Finite element analysis on solar energy harvesting using ferroelectric polymer

Abstract

Solar energy harvesting through pyroelectric effect has been under the scrutiny of researchers since the past few years. However, the low energy density coupled with requirement of rapid temperature fluctuations has hindered any successful commercial ventures in this field. This study is an attempt towards eliminating these drawbacks associated with pyroelectric energy generation using ferroelectric polymers. Langmuir–Blodgett Polyvinylidene difluoride copolymer–Trifluoroethylene–Chlorofluoroethylene P(VDF–TrFE–CFE) thin films were used in conjunction with pyroelectric effect and forced cooling to simultaneously increase energy and power density. In this regard, a two faceted approach of linear pyroelectric harvesting and harvesting through Ericsson cycle have been analyzed and compared. The models for the same have been developed and analyzed using finite-element method. Two separate cases of air cooling and water cooling were investigated. Peak values of power density for water cooling and air cooling processes (direct pyroelectric effect) are found to be 0.437μW/cm3 and 0.2μW/cm3, respectively.

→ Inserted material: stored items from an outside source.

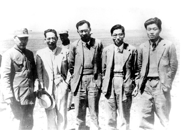 解放战争前夕,我院张学彬(右二)等四位医生由重庆辗转至解放区, 在临沂机场受到陈毅(左一)的亲切接见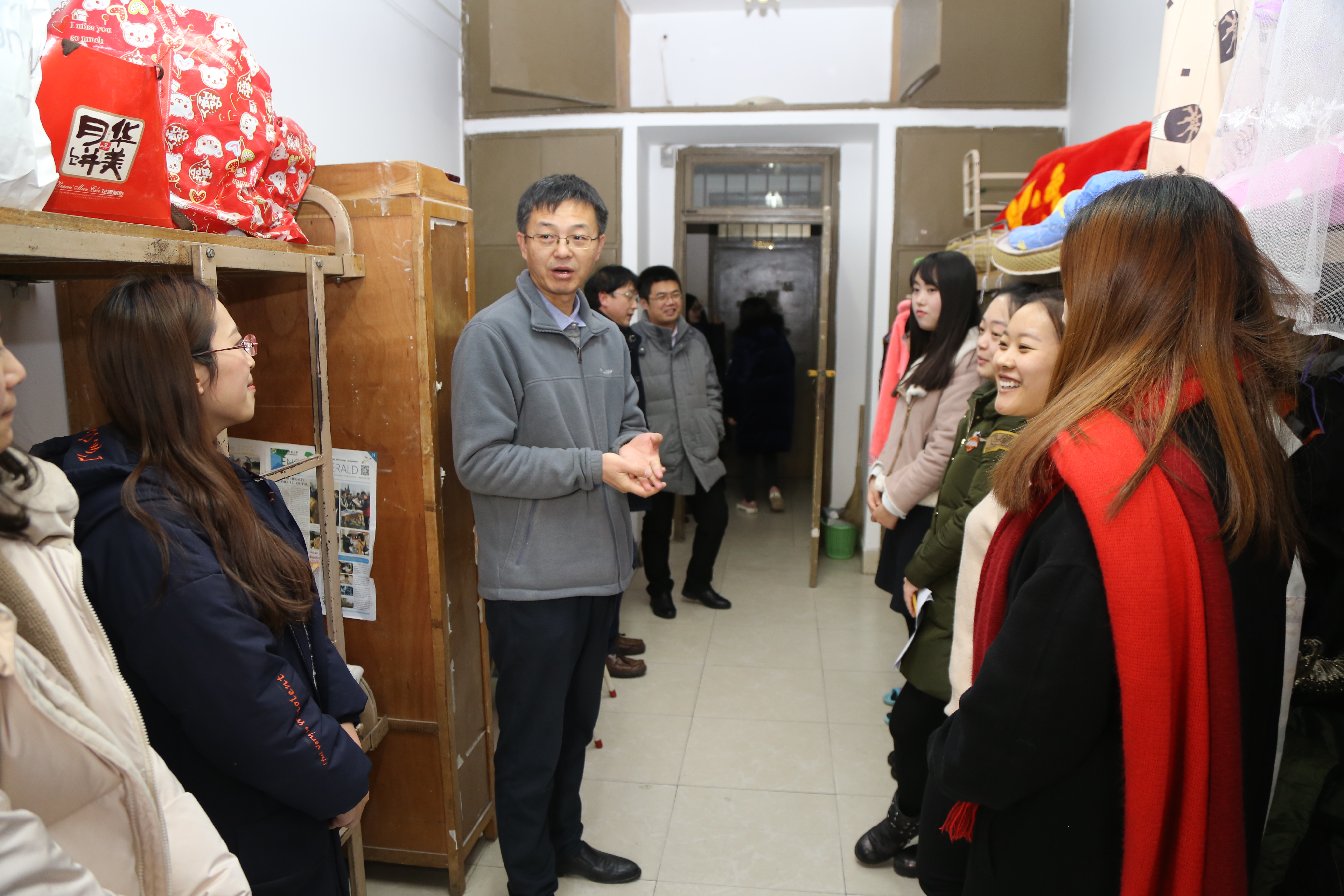 2018年寒假已悄然临近,期末考试周紧张的氛围也越来越浓。为了解员工备考状态和备考困难,帮助员工缓解考试压力。1月8日下午,公司经理朱宏斌、党委书记王德连、副书记常振山、副经理赵晓峰及公司管理干部深入员工宿舍看望、慰问研究生。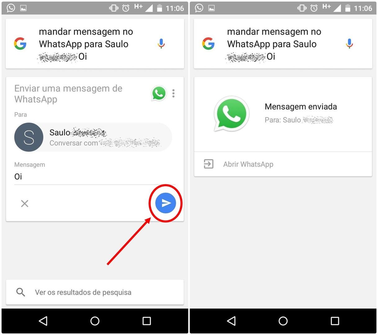 Passo 3. Agora basta você conferir se sua mensagem e seu contato foram reconhecidos corretamente pelo comando de voz. Se tudo estiver de acordo com o que você ditou, basta tocar na seta azul do lado direito abaixo da mensagem, e sua mensagem será enviada!
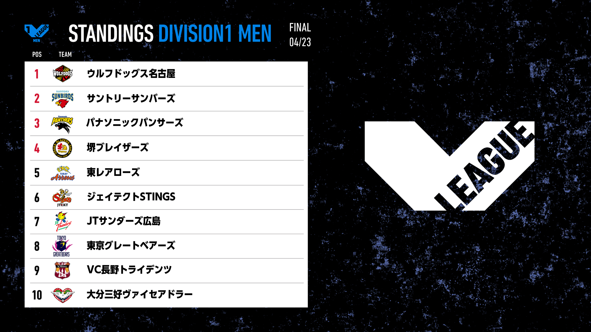 2022-23 V.LEAGUE DIVISION1 MEN 最終順位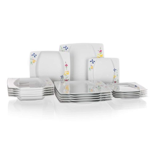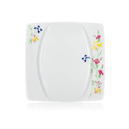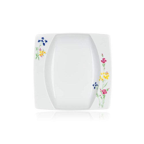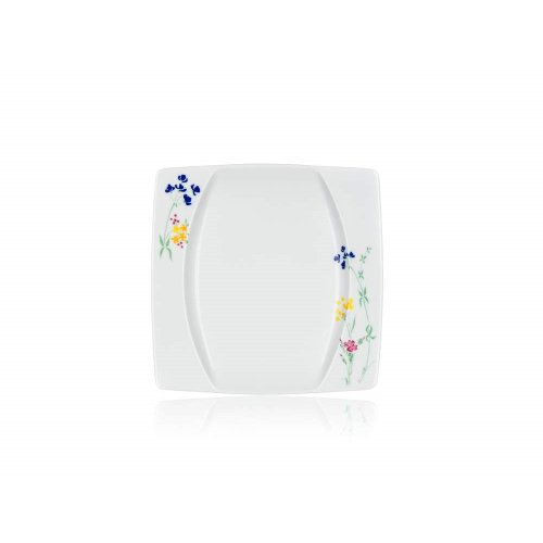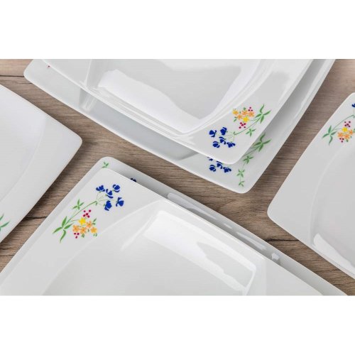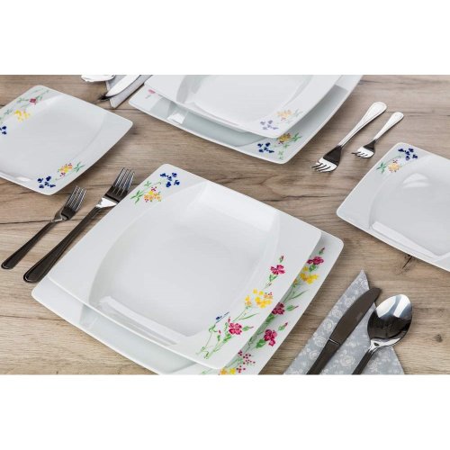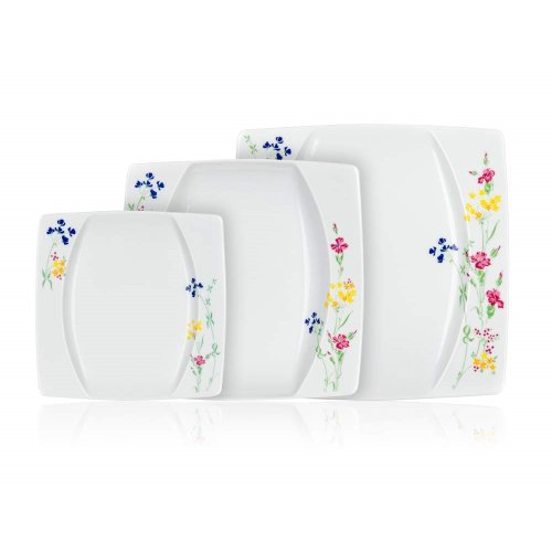 18dílná porcelánová talířová sada square, vyrobena v české porcelánce Thun. Sada obsahuje: 6 x mělký talíř o rozměru 27 x 27 cm, 6 x hluboký talíř o rozměru 23 x 23 cm a 6 x dezertní talíř o rozměru 18,5 x 18,5 cm. Talíře lze používat do mikrovlnné trouby a mýt v myčce na nádobí.

These values are obtained at optimized value of load resistance and load capacitance (RL=7MΩ and CL=2μF for water cooling while RL=14MΩ and CL=2μF for air cooling). The maximum values of power density that can be obtained from water and air cooling process are 19.65mW/cm3 and 16.35mW/cm3 (using Ericsson cycle) at 0.013 and 0.011Hz frequency, respectively. It was also observed that water cooling is more efficient than air cooling for energy harvesting. This study can lead to growth in the field of solar energy harvesting using pyroelectric effect.